DATA SUPPLIED START

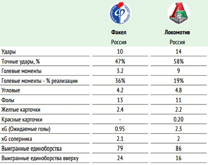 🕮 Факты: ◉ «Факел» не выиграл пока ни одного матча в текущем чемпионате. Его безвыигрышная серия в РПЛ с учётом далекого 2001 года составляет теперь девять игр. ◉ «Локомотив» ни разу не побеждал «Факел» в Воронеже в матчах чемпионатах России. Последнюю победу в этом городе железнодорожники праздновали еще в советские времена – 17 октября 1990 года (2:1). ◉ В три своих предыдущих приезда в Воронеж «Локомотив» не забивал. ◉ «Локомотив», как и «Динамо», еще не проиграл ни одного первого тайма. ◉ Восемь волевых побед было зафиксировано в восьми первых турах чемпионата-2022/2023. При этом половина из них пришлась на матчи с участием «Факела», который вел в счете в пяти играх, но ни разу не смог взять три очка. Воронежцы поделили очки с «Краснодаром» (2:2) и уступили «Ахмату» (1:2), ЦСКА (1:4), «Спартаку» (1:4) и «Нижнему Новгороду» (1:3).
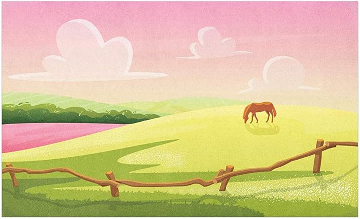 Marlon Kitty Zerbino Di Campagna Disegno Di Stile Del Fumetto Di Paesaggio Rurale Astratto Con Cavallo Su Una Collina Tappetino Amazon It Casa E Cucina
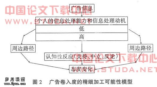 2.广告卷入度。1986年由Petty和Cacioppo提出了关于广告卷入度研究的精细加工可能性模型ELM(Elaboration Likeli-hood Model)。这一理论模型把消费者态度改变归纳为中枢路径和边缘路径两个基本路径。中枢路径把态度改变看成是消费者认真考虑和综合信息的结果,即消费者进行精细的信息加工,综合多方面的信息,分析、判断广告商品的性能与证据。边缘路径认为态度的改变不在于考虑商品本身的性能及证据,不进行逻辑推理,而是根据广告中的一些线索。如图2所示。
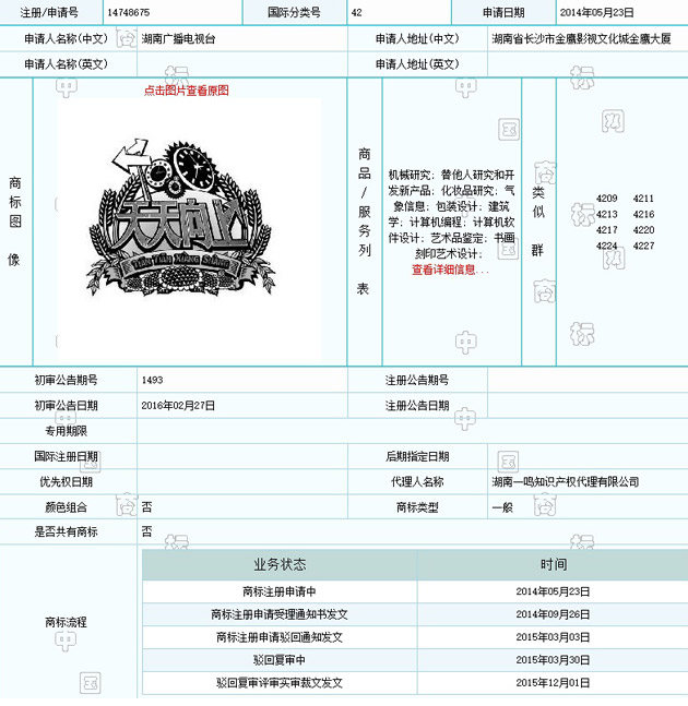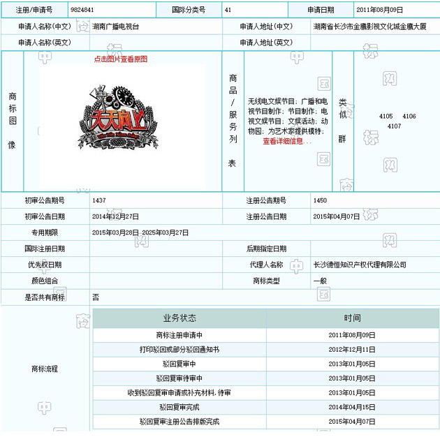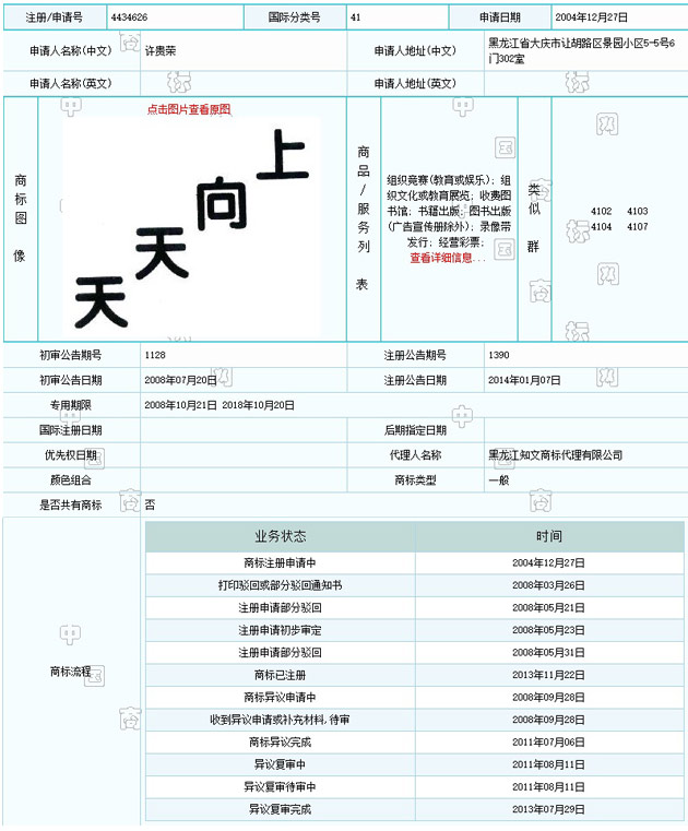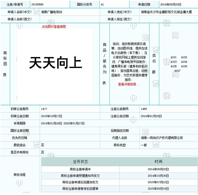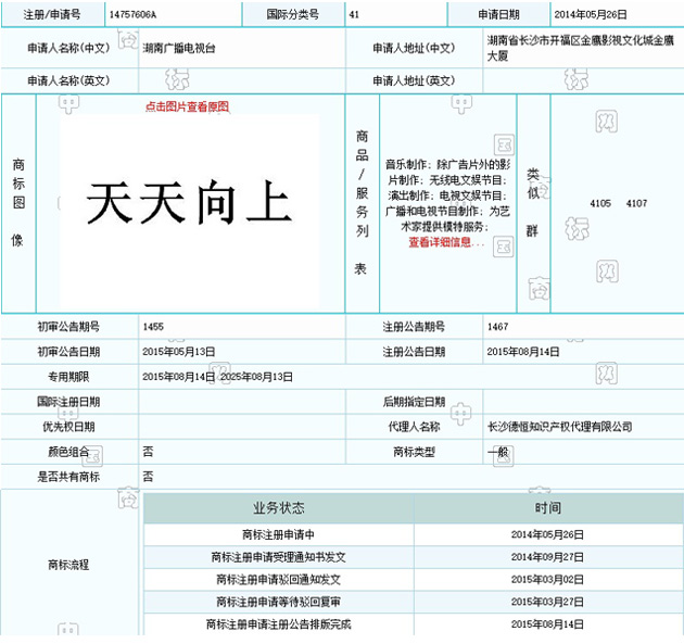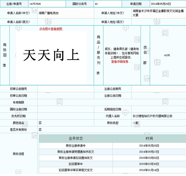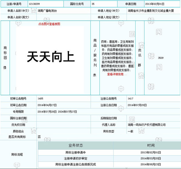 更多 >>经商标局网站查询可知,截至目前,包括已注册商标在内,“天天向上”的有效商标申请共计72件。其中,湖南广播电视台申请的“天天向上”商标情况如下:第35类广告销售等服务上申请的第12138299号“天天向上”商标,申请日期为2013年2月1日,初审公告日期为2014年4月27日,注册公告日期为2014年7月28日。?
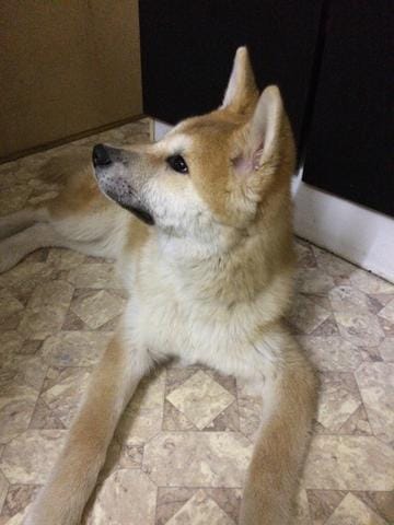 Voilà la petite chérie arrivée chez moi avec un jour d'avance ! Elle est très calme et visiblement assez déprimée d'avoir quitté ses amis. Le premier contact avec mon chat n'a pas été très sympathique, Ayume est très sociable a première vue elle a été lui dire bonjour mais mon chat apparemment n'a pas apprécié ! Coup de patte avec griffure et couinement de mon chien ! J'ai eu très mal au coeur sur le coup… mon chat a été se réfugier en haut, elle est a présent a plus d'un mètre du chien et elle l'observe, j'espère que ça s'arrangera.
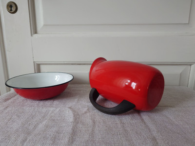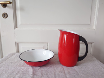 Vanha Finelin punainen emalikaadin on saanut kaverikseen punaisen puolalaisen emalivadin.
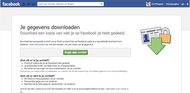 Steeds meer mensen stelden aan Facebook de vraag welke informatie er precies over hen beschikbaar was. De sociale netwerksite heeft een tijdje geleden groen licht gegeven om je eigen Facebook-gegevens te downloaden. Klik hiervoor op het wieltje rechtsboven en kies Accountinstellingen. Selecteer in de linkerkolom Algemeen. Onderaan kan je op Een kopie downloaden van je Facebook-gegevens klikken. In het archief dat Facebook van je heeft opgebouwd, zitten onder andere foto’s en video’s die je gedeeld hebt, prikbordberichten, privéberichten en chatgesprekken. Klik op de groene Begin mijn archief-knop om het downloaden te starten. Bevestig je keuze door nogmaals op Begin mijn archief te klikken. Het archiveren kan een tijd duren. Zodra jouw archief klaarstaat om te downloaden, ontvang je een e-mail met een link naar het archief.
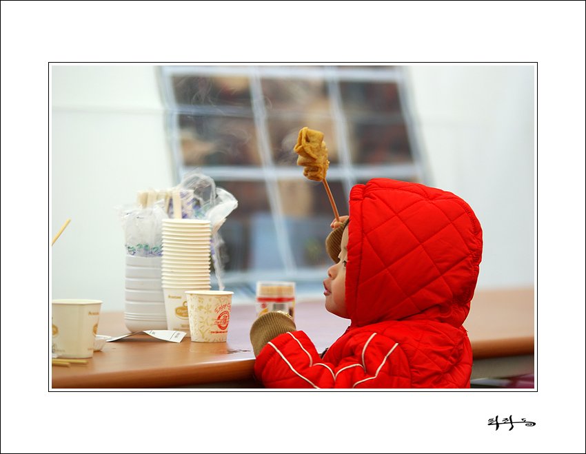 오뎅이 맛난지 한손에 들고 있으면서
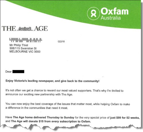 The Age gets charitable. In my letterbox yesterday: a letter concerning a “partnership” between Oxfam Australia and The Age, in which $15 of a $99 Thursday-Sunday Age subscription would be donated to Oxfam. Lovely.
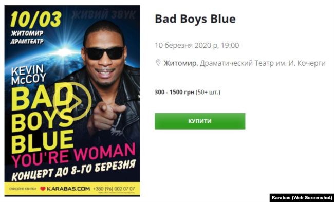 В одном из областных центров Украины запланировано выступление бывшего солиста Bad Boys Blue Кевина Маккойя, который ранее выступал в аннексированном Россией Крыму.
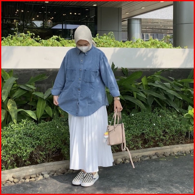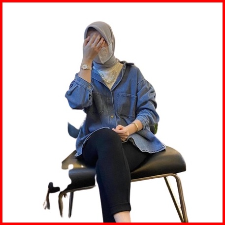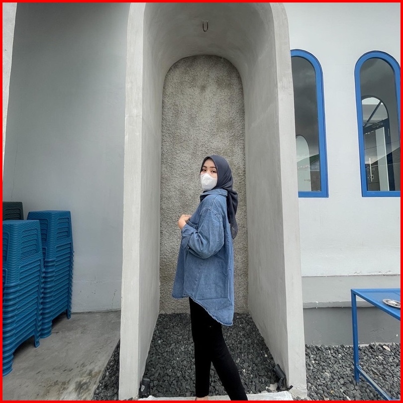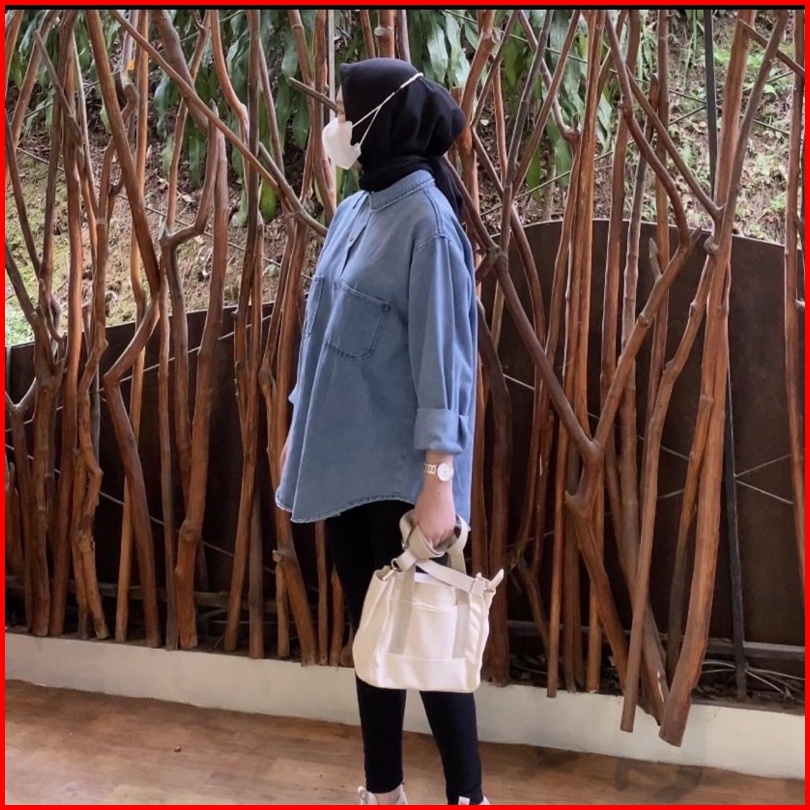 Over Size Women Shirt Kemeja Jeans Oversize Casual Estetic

DATA SUPPLIED END

▸ **PROBLEM TO WORK ON**:
Output must match the lines from the start of the records above through the line that contains "更多 >>经商标局网站查询可", exactly and with every picture removed.

▸ **EXPECTED OUTPUT**:
 🕮 Факты: ◉ «Факел» не выиграл пока ни одного матча в текущем чемпионате. Его безвыигрышная серия в РПЛ с учётом далекого 2001 года составляет теперь девять игр. ◉ «Локомотив» ни разу не побеждал «Факел» в Воронеже в матчах чемпионатах России. Последнюю победу в этом городе железнодорожники праздновали еще в советские времена – 17 октября 1990 года (2:1). ◉ В три своих предыдущих приезда в Воронеж «Локомотив» не забивал. ◉ «Локомотив», как и «Динамо», еще не проиграл ни одного первого тайма. ◉ Восемь волевых побед было зафиксировано в восьми первых турах чемпионата-2022/2023. При этом половина из них пришлась на матчи с участием «Факела», который вел в счете в пяти играх, но ни разу не смог взять три очка. Воронежцы поделили очки с «Краснодаром» (2:2) и уступили «Ахмату» (1:2), ЦСКА (1:4), «Спартаку» (1:4) и «Нижнему Новгороду» (1:3).
 Marlon Kitty Zerbino Di Campagna Disegno Di Stile Del Fumetto Di Paesaggio Rurale Astratto Con Cavallo Su Una Collina Tappetino Amazon It Casa E Cucina
 2.广告卷入度。1986年由Petty和Cacioppo提出了关于广告卷入度研究的精细加工可能性模型ELM(Elaboration Likeli-hood Model)。这一理论模型把消费者态度改变归纳为中枢路径和边缘路径两个基本路径。中枢路径把态度改变看成是消费者认真考虑和综合信息的结果,即消费者进行精细的信息加工,综合多方面的信息,分析、判断广告商品的性能与证据。边缘路径认为态度的改变不在于考虑商品本身的性能及证据,不进行逻辑推理,而是根据广告中的一些线索。如图2所示。
 更多 >>经商标局网站查询可知,截至目前,包括已注册商标在内,“天天向上”的有效商标申请共计72件。其中,湖南广播电视台申请的“天天向上”商标情况如下:第35类广告销售等服务上申请的第12138299号“天天向上”商标,申请日期为2013年2月1日,初审公告日期为2014年4月27日,注册公告日期为2014年7月28日。?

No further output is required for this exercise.